Has anyone implemented Client Credentials grant type for accessing a ServiceNow API?

DrewW · ‎01-23-2025

I have been asked to implement a Client Credentials grant type for authenticating to ServiceNow's API's. The goal is to have another application make a call to Okta to get an auth token. Then use that token to login to ServiceNow. No human interaction is allowed.

So I found this documentation.

https://www.servicenow.com/docs/bundle/xanadu-platform-security/page/integrate/authentication/concep...

But its pretty thin and leaves out a lot. I have done a bunch of searching and looking at things connected to OAuth OIDC Entity I created and that lead me to creating a REST API Auth Scope record and some other reading.
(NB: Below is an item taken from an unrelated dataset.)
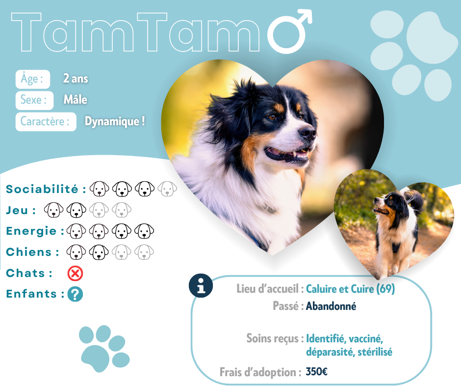Moi, c’est Tam-Tam ! Je suis un compagnon fusionnel, loyal et très expressif. Si tu cherches un chien discret qui se fait oublier, je ne suis pas ton homme. En revanche, si tu veux un partenaire de vie avec qui partager de grandes aventures, on est fait pour s’entendre !                       Je suis un adepte des rituels et de la routine. J’ai besoin d’un cadre stable et prévisible pour être serein. Je suis ce qu’on appelle un chien ‘pot de colle’ : quand j’ai besoin d’attention ou que je veux quelque chose, je sais me faire comprendre en restant très proche de toi. La nuit, je dors paisiblement à tes pieds une fois que je suis passé en mode dodo. Attention : si mon rythme change (balade trop tardive, horaires décalés), je monte vite en pression et je l’exprime par des aboiements de protestation.

But when I use Postman to test things ServiceNow is always giving me a "User Not Authenticated" error.

So I'm hoping there is someone out there that has gotten this working and can offer some assistance.

Any help would be appreciated.

SebastianKunzke · ‎01-23-2025

Hey DrewW,

For testing purpose I did not add or create any Auth scope. In my case only the user role was enough to do the proper calls. Please note, that the user you linked to the Oauth Entity needs a role to access the API and table you are trying to connect.

In the documentation they was using an admin user, thats why they say, it is important to Create an Auth Scope to restrict the access of the third party system. Also it is good practice to control the API access based on the Oauth Credential. You can find more detials here.

Kind regards

Sebastian

DrewW · ‎01-23-2025

Thank you for the response and for the link, that was what lead me to creating a REST API Auth Scope record and adding an auth scope to the provider record.

The user I'm testing with has the admin role so the user should have access. I'm also just testing the table API for the incident table.

What did you do for the "OAuth OIDC Provider Configuration" field on the provider record?

I'm assuming that in Postman when you called the ServiceNow API you selected an Auth Type of "Bearer Token" and then put in the token you got from Okta or other auth service.

SebastianKunzke · ‎01-24-2025

Oh sorry! My comment was just related to the client credential grand type. As this is quite new feature. You may could check out this article as well. Client Credentials grant type for Inbound OAuth is supported - Support and Troubleshooting
However we did not use an OIDC provider for the connection.

DrewW · ‎01-24-2025

Thank you for the response, but that KBA is for ServiceNow issuing the token and in my case Okta is issuing the token and I need to setup ServiceNow to accept it.